If anything, the political obstacles in Iran to a deal are even more daunting. There’s little doubt that the relatively moderate government of President Hassan Rouhani would like to get Iran out from under sanctions that have hobbled its economy. But everyone agrees that Iran’s Supreme Leader, Ayatollah Ali Khamenei, will be the ultimate arbiter of any bargain struck with an infidel coalition led by the United States — the “Great Satan” to Khamenei.
Khamenei is adamant that Iran will accept no limits on its “right” to enrich fuel for civilian nuclear power. He’s cited plunging gas prices as further proof that Iran can’t rely on its abundant oil reserves but also needs atomic energy as well.
This position is fundamentally incompatible with demands by U.S. conservatives that Iran stop enriching uranium altogether. Those critics have a point: The same technologies that generate fuel for power plants also move Iraq disconcertingly close to the threshold of nuclear weapons. What they don’t have is a plausible theory for how to prevent Iran from crossing that threshold if it’s determined to do so.

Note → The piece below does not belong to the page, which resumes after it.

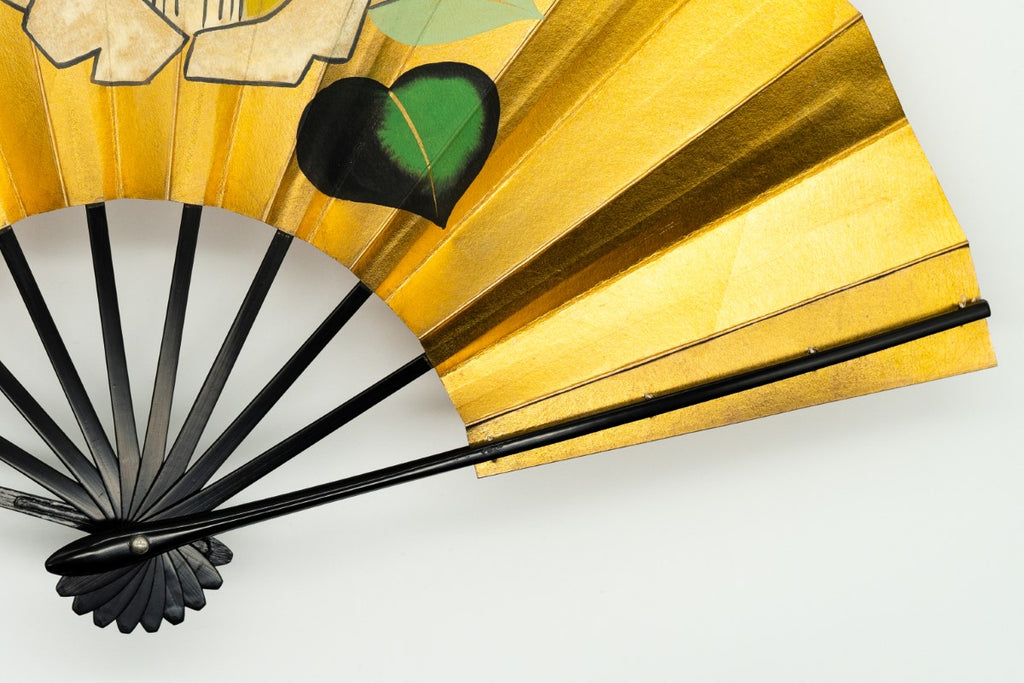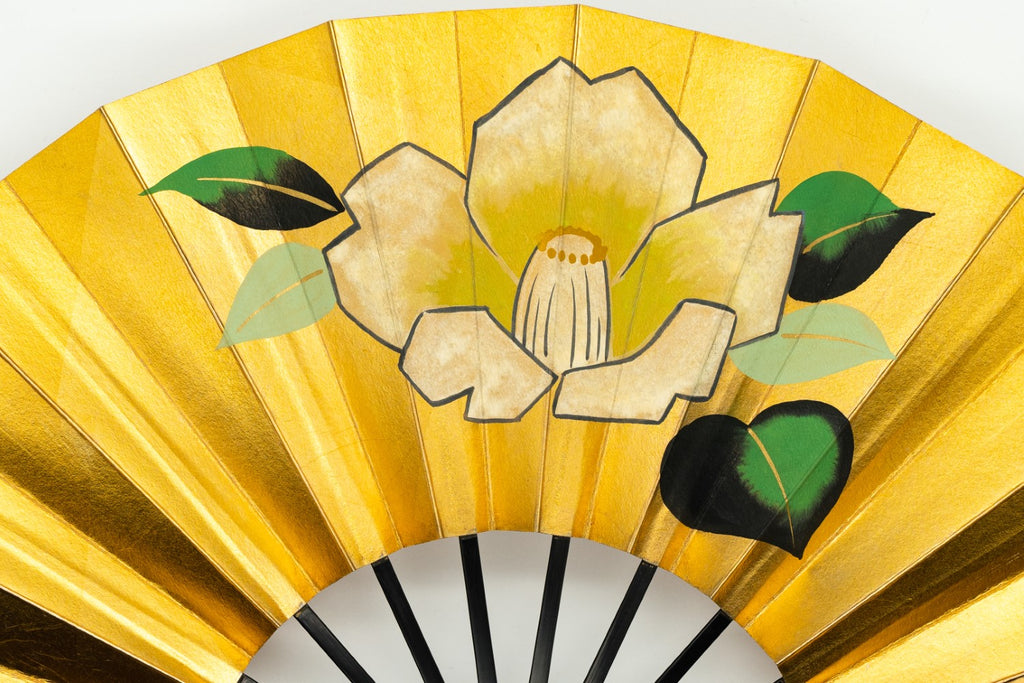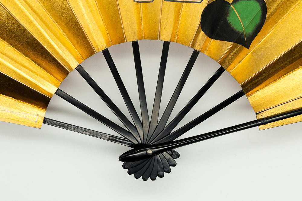 【一点もの・ビンテージ品】上質な金箔地の扇面に片面には落ち着いた雰囲気の椿、片面には紅葉が一面に描かれており華やかです。お好みに合わせて両面お使いいただけます。
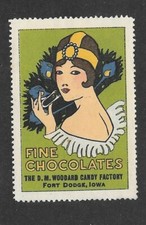 Vintage Poster Stamp Label Advertising DM WOODARD CANDY FACTORY Fort Dodge IA

For all the bold talk in Washington about not taking force “off the table,” the American people don’t seem eager to add a new war with Iran to our other military entanglements in the Middle East. Even if they were, U.S. military officials caution that air strikes would only set back Iran’s nuclear program temporarily, while bolstering the hardliners’ argument that Iran needs nuclear weapons to deter U.S. aggression. They point out that Americans aren’t contemplating strikes on North Korea’s nuclear facilities.
In truth, threatening war is not a terribly effective counter-proliferation strategy. No amount of air and missile strikes will destroy the knowledge of how to make nuclear weapons.
At the very least, extending talks with Iran buys time — six months to a year before a potential nuclear breakout — while holding out hope for a comprehensive political solution to the standoff. Not talking risks escalating the crisis at a moment when America already is fully engaged in putting out fires across the Middle East.
When you have no good options, the best course is to embrace the least bad. That’s what President Obama has done, and both Congress and America’s allies should give him the benefit of the doubt.
Marshall is the president of the Progressive Policy Institute.